Start of Data section

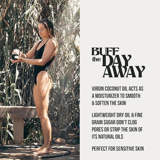 PIRETTE Coconut Oil Scrub, Women’s Beach Inspired Sugar Body Scrub, Safe for Sensitive Skin, Notes of Fresh Coconut, Surf Wax & Sunscreen, 8 Fl Oz
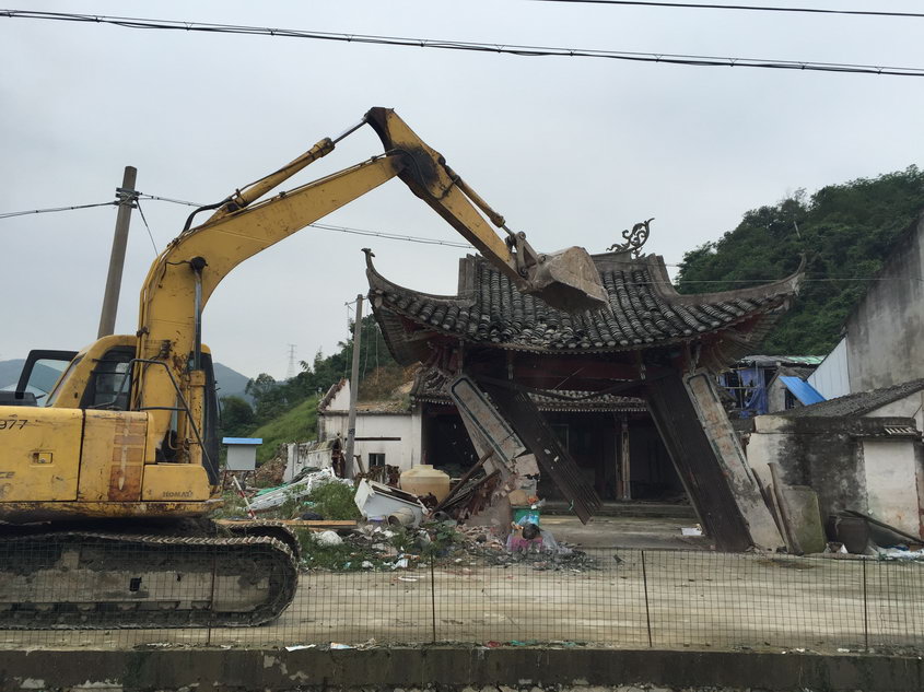 沈氏祠堂位于工程第9标段施工红线内,湖岭背山上下来第一排桩基位置,对工程的推进造成了阻碍。祠堂为特殊构筑物,占地约2亩,建筑面积1000多M2,由于陈岙村村内符合两规地块较少,附近有化工厂等原因,祠堂的迁改安置选址较为困难。经平阳高速指挥部、万全镇政府与沈氏祠堂代表近两年时间艰苦协商,终于达成搬迁拆除协议,沈氏祠堂代表同意给予一次性货币补偿后,自行选址建造。
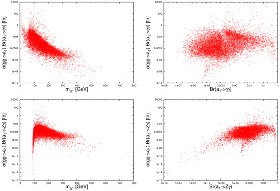 Figure 8 shows the correlations between and the lightest CP-even and CP-odd Higgs masses and for the good points. Since the surviving points emerging from the random scan have large values of and small values of both and , only small values of and are allowed, see Ref. [58]. It is remarkable to notice that in most regions of our parameter space the is the SM-like Higgs boson of the mass around 125 GeV. However, the can also play the role of the SM-like Higgs boson but only in small regions of the parameter space in which regions the is mostly singlet-like with mass GeV, see the left-plot of the figure, so it can escape the LEP, the Tevatron, and LHC bounds [109,110,111,112,113,114,115]. The right plot of the figure shows that the smaller the , the smaller the .
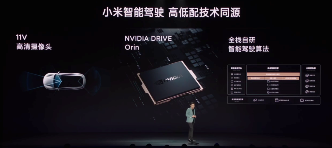 智驾硬件方面,小米汽车配备两颗英伟达Orin X智驾芯片,并配备了一颗激光雷达和11个高清摄像头,以及3个毫米波雷达和12个超声波雷达。

End of Data section

--- Work task ---
Return the material above in exact form. Pictures stay out.

--- Result of the exercise ---
 PIRETTE Coconut Oil Scrub, Women’s Beach Inspired Sugar Body Scrub, Safe for Sensitive Skin, Notes of Fresh Coconut, Surf Wax & Sunscreen, 8 Fl Oz
 沈氏祠堂位于工程第9标段施工红线内,湖岭背山上下来第一排桩基位置,对工程的推进造成了阻碍。祠堂为特殊构筑物,占地约2亩,建筑面积1000多M2,由于陈岙村村内符合两规地块较少,附近有化工厂等原因,祠堂的迁改安置选址较为困难。经平阳高速指挥部、万全镇政府与沈氏祠堂代表近两年时间艰苦协商,终于达成搬迁拆除协议,沈氏祠堂代表同意给予一次性货币补偿后,自行选址建造。
 Figure 8 shows the correlations between and the lightest CP-even and CP-odd Higgs masses and for the good points. Since the surviving points emerging from the random scan have large values of and small values of both and , only small values of and are allowed, see Ref. [58]. It is remarkable to notice that in most regions of our parameter space the is the SM-like Higgs boson of the mass around 125 GeV. However, the can also play the role of the SM-like Higgs boson but only in small regions of the parameter space in which regions the is mostly singlet-like with mass GeV, see the left-plot of the figure, so it can escape the LEP, the Tevatron, and LHC bounds [109,110,111,112,113,114,115]. The right plot of the figure shows that the smaller the , the smaller the .
 智驾硬件方面,小米汽车配备两颗英伟达Orin X智驾芯片,并配备了一颗激光雷达和11个高清摄像头,以及3个毫米波雷达和12个超声波雷达。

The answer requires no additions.